Now you could argue that this is part of the standard library, but I actually see it as a part of the standard C language.

DSMan195276 · on Nov 29, 2016

You're getting down-voted (Which is unnecessary IMO) but you're really not wrong. `gcc` itself provides `stdint.h`, it's not actually part of libc - or rather, you can use it without actually having a libc in place. Generally this is a good move, because you can always write a `stdint.h` replacement on arch's that don't have one, but on ones that do you're guaranteed to get the types correct.

sincerel · on Nov 29, 2016

I use stdint.h too, but I'm honestly curious if there is any common platform around today where one of the following asserts fails:

    int main() {

        assert(sizeof(signed char) == 1);
        assert(sizeof(short)       == 2);
        assert(sizeof(int)         == 4);
        assert(sizeof(long long)   == 8);

        return 0;
    }

I'm not interested in the language lawyering, because yes I know the standard provides more freedom to compilers. I just think those definitions are very universal for any real computer that would otherwise run my software. Please don't bring up Windows 3.1, that's about as relevant to most of us a PDP-11.

And for what it's worth, using typedefs based on the above provides more readable printf strings. This is hideous:

    int main() {

        int64_t portable = 123;
        printf("Ugly: %" PRId64 "\n", portable);
        
        return 0;
    }

Where this is acceptable:

    int main() {

        long long palatable = 123;
        printf("Better: %lld\n", palatable);
        
        return 0;
    }

DSMan195276 · on Nov 29, 2016

Well there's a few things to keep in mind. For one, `sizeof(char)`is guarenteed to be `1` - the standard simply says so. That doesn't mean that a `char` is 8-bits long, however. On certain systems, like TI DSP's, `char` is 16-bits long, and thus `sizeof(short)` is also 1. `sizeof(int)` may be either 1 or 2, I can't recall (both are standards compliant).

All that said, POSIX requires `CHAR_BIT == 8`, which then basically ensures what you wrote to be true. So if you're willing to target POSIX (or POSIX-supporting systems) then such a thing is perfectly fine.

The `stdint.h` types are still better though, IMO, because they make your intentions a lot more clear.

jblow · on Nov 29, 2016

I think int is 8 bytes on the PS4. (I just got bitten by this...)

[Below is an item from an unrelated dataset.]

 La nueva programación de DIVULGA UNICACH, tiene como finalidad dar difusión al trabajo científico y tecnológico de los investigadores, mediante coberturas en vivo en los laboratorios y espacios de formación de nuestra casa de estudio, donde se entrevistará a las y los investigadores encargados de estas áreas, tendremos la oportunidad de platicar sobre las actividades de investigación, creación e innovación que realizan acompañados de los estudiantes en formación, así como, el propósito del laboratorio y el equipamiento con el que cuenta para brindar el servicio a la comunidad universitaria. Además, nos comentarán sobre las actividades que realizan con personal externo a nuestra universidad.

I_deny_it · on Nov 30, 2016

How does the PS4 declare a 4 byte int? If that's "short", is there a way for a 2 byte int?

DSMan195276 · on Dec 1, 2016

I haven't programming on the PS4, but an 8-byte `int` sound very suspect and fairly unlike (but not impossible). That said, it wouldn't be a huge issue. `short` could either be a 2-byte or 4-byte int (Either would be standards compliant), and `char` would presumably still be byte-sized (Not doing so would be a fairly big issue to deal with).

That leaves out either the 2-byte or 4-byte int from the standard data-types, but you can gain that back by simply using a compiler attribute or compiler-defined type to allow access too it. While that sounds non-standard, it really wouldn't be that bad because it could simply be used in `stdint.h` to expose the standard `int16_t` and `int32_t` types, which could be used like normal.

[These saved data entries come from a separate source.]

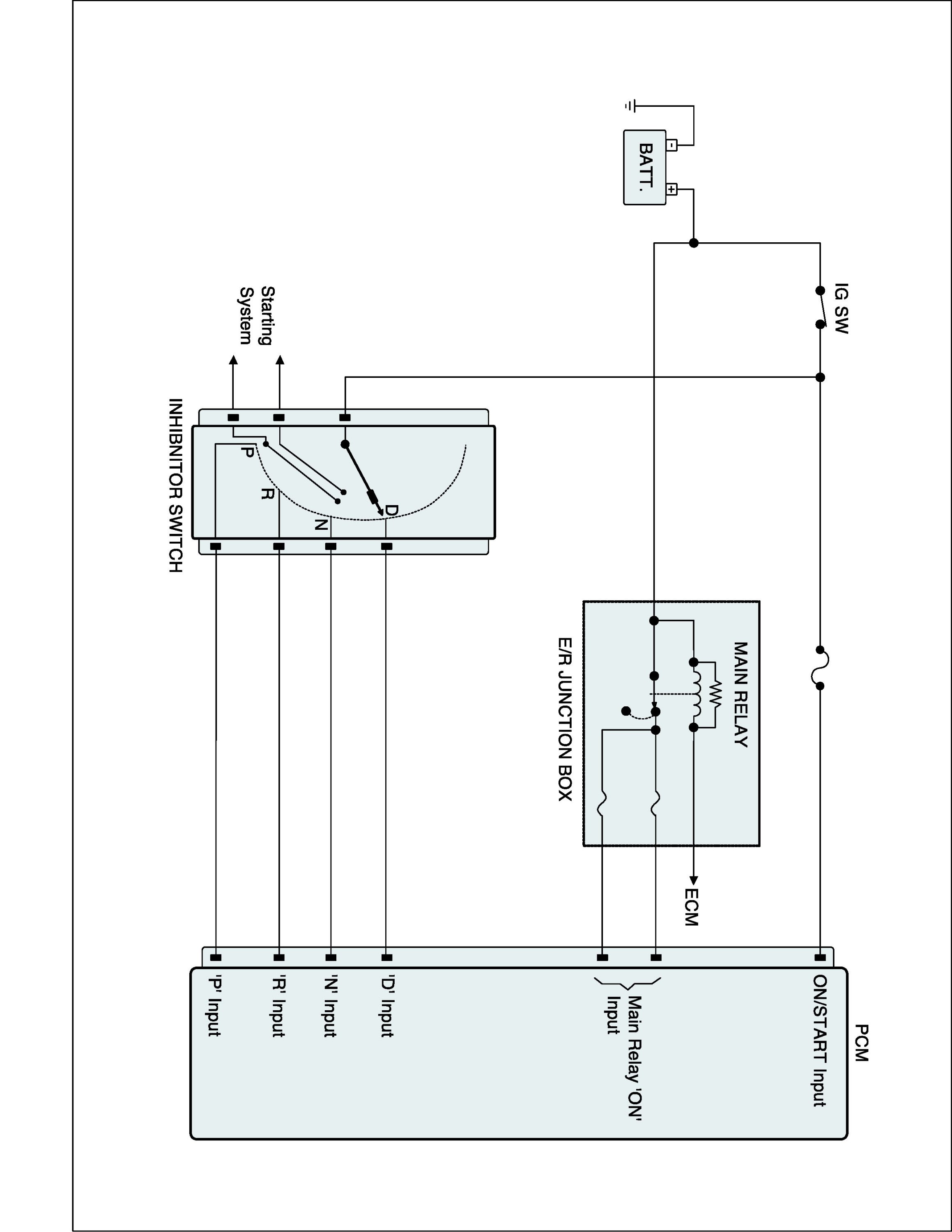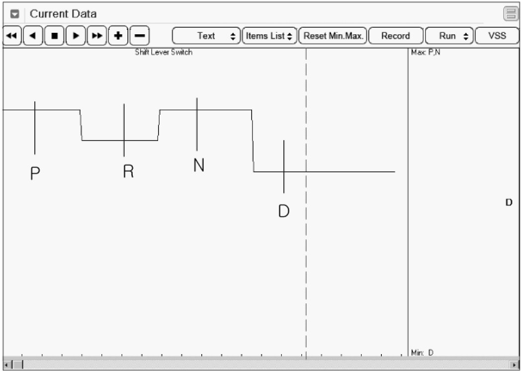 The Transaxle Range Switch sends the shift lever position information to the TCM using a 12V (battery voltage) signal. When the shift lever is in the D (Drive) position the output signal of Tansaxle Range Switch is 12V and in all other positions the voltage is 0V. The TCM judges the shift lever position by reading all signals, for the Transaxle Range Switch, simultaneously.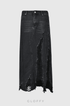 Melany Püsküllü Yüksek Yırtmaçlı Denim Maxi Etek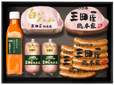 | 品 名 | 三田屋ギフトセットSS-100 | 内 容 | ロースハムブロック300g 白いハムブロック300g チューリンガーウインナー120g×2 サルティーチャーソーセージ130g×2 ドレッシング200ml |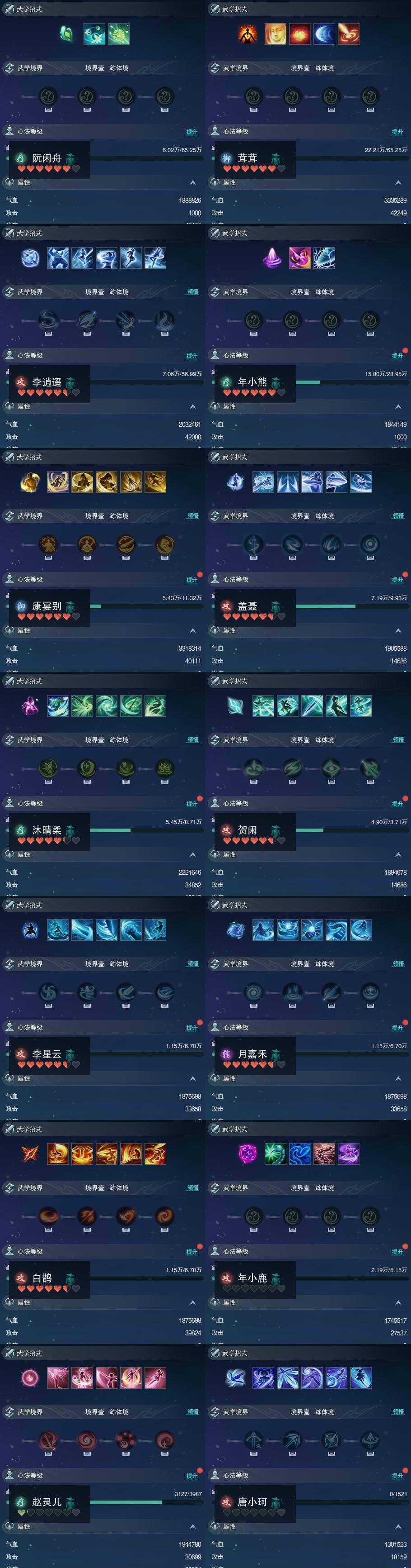【同伴】阮闲舟81级境界壹,茸茸81级境界壹,李逍遥80级境界壹,年小熊75级境界壹,康宴别68级境界壹,盖聂67级境界壹,沐晴柔66级境界壹,贺闲66级境界壹,李星云64级境界壹,月嘉禾64级境界壹,白鹊64级境界壹,年小鹿62级境界壹,赵灵儿40级境界壹,唐小珂1级境界壹
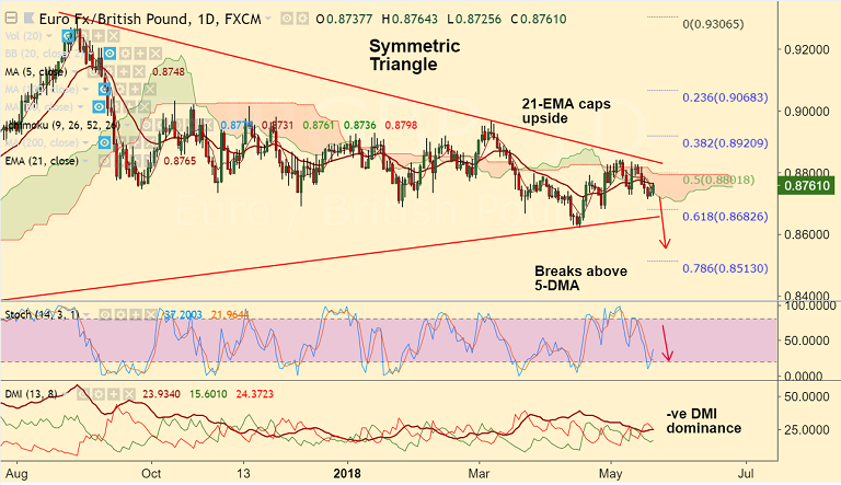 Support levels - 0.8748 (5-DMA), 0.87, 0.8682 (61.8% Fib), 0.8655 (Triangle base), 0.8620 (Apr 17 low)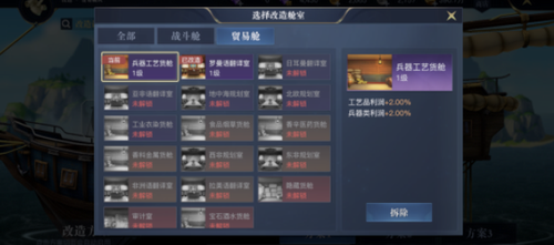 船只建造完成后需针对性改造功能舱室。战斗型舰队建议配置高级火炮舱提升攻击强度,搭配医疗舱增强续航能力。贸易船队则应侧重工艺品货舱与嗜好品舱的改造,前者可提升兵器类商品利润达15%,后者对食品烟草类货物有额外8%收益加成。根据航行目标动态调整舱室配置,可使船只效能最大化。
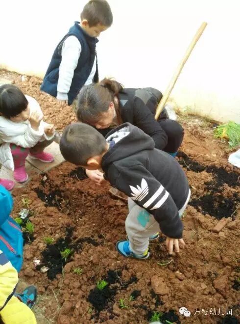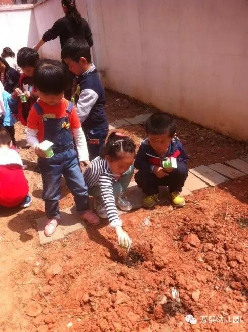 瞧,认真的宝贝们,种植的小苗是多么的弱小。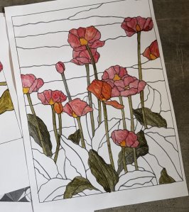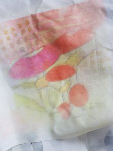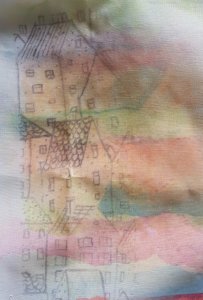 Helaas kunnen we nu niet met ons groepje Achterdoek bij elkaar komen, 6 personen is te veel en ook mogen we niet in het zaaltje omdat het beschouwd wordt als een kantine. Gelukkig mag je nog wel met 3 personen bij elkaar komen en zo zijn Ine en ik afgelopen dinsdag bij Agnes geweest om te werken met transferverf. Jaren geleden heb ik een workshop gevolgd van Sandra van Velzen en ik had nog aardig wat verf over en bedrukte vellen. Agnes had ons gevraagd van tevoren wat tekeningen te printen en eerst zijn we begonnen de zwarte lijntjes over te trekken met de verf en de rest in te kleuren. Daarna maakten we op stof een achtergrond en streken toen de tekening hierop. De kleuren op de stof worden wel heel anders dan op het papier.

bluecalm · on Nov 29, 2016

A lot of good programmers do that and the reason given is that types in stdint.h have ugly long names like uint32_t. "_t" thing rubs a lot of people the wrong way so I am not surprised they change it to something more pleasant. I like using uint64, int32 etc. but the convention where it's u64, i32, f32, f64 is something I would get behind.

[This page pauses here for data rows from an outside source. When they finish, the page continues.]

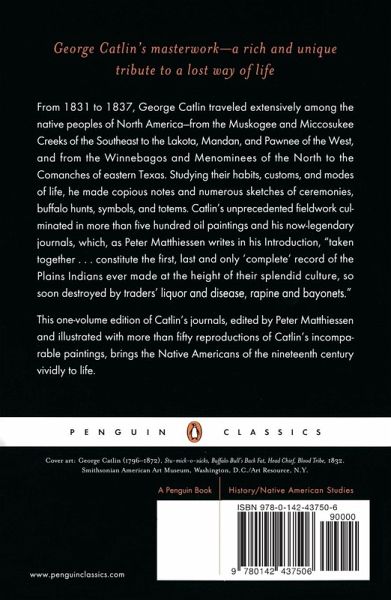 From 1831 to 1837, George Catlin traveled extensively among the native peoples of North America-from the Muskogee and Miccosukee Creeks of the Southeast to the Lakota, Mandan, and Pawnee of the West, and from the Winnebagos and Menominees of the North to the Comanches of eastern Texas. Studying their habits, customs, and modes of life, he made copious notes and numerous sketches of ceremonies, buffalo hunts, symbols, and totems. Catlin's unprecedented fieldwork culminated in more than five hundred oil paintings and his now-legendary journals, which, as Peter Matthiessen writes in his introduction, "taken together... constitute the first, last, and only 'complete' record of the Plains Indians ever made at the height of their splendid culture, so soon destroyed by traders' liquor and disease, rapine and bayonets." * A one-volume edition of Catlin's journals * Illustrated with more than fifty reproductions of Catlin's incomparable paintings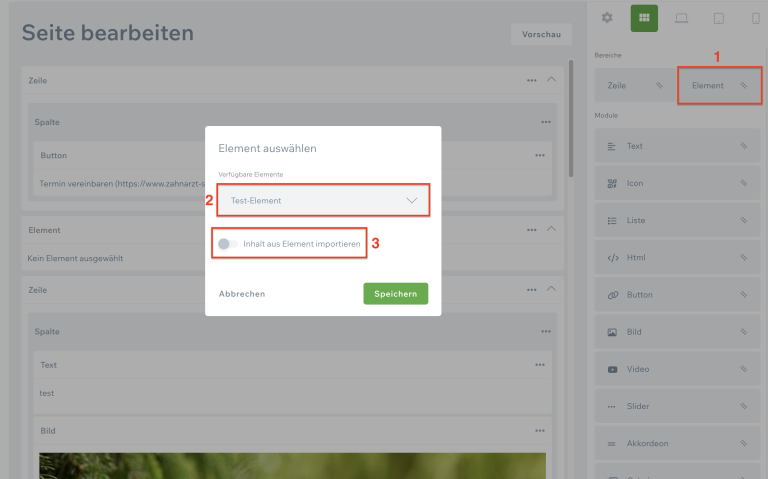 Möchtest du das Element auf dieser Seite editieren, so ziehe dir statt einer Zeile ein Element (1) aus den Bereichen, wähle das gewünschte Element aus dem Dropdown (2) und aktiviere den Regler Inhalt aus Element importieren (3).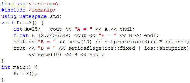 При работе с консольными приложениями существуют два основных способа ввода-вывода данных. Первый способ – это использование функций printf() и scanf(), унаследованных из языка С. Второй – использование объектов cin и cout языка С++. В одной программе не рекомендуют смешивать эти способы. Мы будем использовать второй способ. Примеры использования функций без труда можно найти в литературе по С++. Чтобы объекты cin и cout были доступны, как уже говорилось, нужно подключить к вашей программе заголовочный файл iostream. Объект cout используется для вывода в окно консоли. Ему с помощью операции < < (операции помещения в поток) передается то, что мы хотим вывести на экран. Это могут быть переменные любых стандартных типов, литералы, выражения. Например, символьный литерал – это последовательность любых символов, заключенная в кавычки. Для вывода нескольких элементов используется цепочка операций < <. В зависимости от типа данные из внутреннего представления преобразуются в текстовую строку, которая и выводится на экран. В цепочку можно также помещать специальные функции, которые называются манипуляторами, для форматирования данных. При использовании манипуляторов с параметрами необходимо подключить к программе заголовочный файл iomanip. Некоторые полезные манипуляторы: endl – включает в поток символ новой строки и выгружает буфер, используется для перехода на новую строку; setw(int) – устанавливает максимальную ширину поля вывода для следующего значения; setprecision(int) – устанавливает максимальное количество цифр в дробной части или общее количество значащих цифр для чисел в зависимости от формата; fixed – устанавливает формат числа «с фиксированной точкой»; scientific – устанавливает формат числа «научный»; left, right –выравнивание текста; setiosflags (long) – устанавливает флаги состояния потока; resetiosflags(long) – сбрасывает флаги состояния потока. Ниже перечислены флаги форматирования, которые чаще всего используются: ios:: left – выравнивание по левому краю; ios:: right – выравнивание по правому краю; ios:: fixed – печатать вещественные числа в форме с фиксированной точкой; ios:: scientific – печатать вещественные числа в форме мантиссы с порядком; ios:: showpoint – при выводе вещественных чисел печатать десятичную точку и дробную часть. Пример 1.3. Вывод чисел с использованием манипуляторов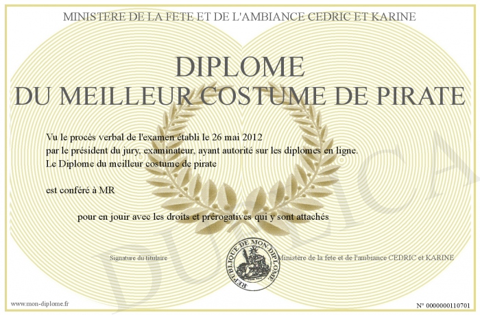 Envoyez par email votre Diplôme du meilleur costume de pirate personalisé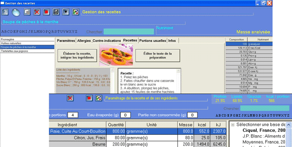 Les recettes sont intégrées dans la base alimentaire et utilisées dans la réalisation de menus manuels ou assistés par ordinateur suivant les plans alimentaires.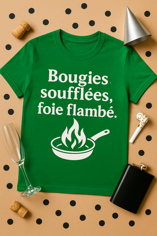 Célébrez vos soirées d’anniversaire un peu (trop) festives avec ce t-shirt unique arborant le slogan hilarant : « Bougies soufflées, foie flambé ». Parfait pour les rois et reines de la fête, ce tee arbore un design original qui fera rire vos amis dès le premier regard. Confectionné en coton doux et résistant, il est idéal pour les lendemains difficiles ou les lendemains de fête. À offrir ou à s’offrir sans modération !

nathan_f77 · on Nov 29, 2016

> When we learn C, we are taught that main is the first function called in a C program. In reality, main is simply a convention of the standard library.

Well, I've already learned something new. I assumed that convention was from the compiler. This is a great resource.

gibsjose · on Nov 29, 2016

While this seems mainly useful as an academic exercise, the `printf "#include <unistd.h>" | gcc -E - | grep size_t` bit to easily grep in header files was worth the read.

112233 · on Nov 29, 2016

indeed. under bash, it can be shortened to

cpp <<< "#include <stdio.h>"|grep size_t

which is super convenient

rikkus · on Nov 29, 2016

It's interesting to read the sources[1] of lots of djb's[2] code, as he often works around problems with (or perhaps dislikes the style of) standard libraries by re-implementing parts.

[1] https://github.com/abh/djbdns/blob/master/str_len.c [2] http://cr.yp.to/djb.html

csl · on Nov 29, 2016

On a side note, isn't the choice of exactly four unrolls very architecture specific? As in, it works, but may be sub-optimal for your specific machine. I've done the exact same thing myself, and IIRC its performance varied a lot between which ISA it was compiled for.

This is almost what Duff's device solves, except then you need to know the length beforehand.

rikkus · on Nov 30, 2016

Absolutely. It's a (possible) optimisation that is either based on evidence (seems likely, because DJB) or hope. Actual behaviour is impossible to predict on untested platforms.

My assumption is that DJB tested this locally and found enough of a speedup that it was worth it, considering the very low added complexity and risk of major degradation / defects on untested platforms.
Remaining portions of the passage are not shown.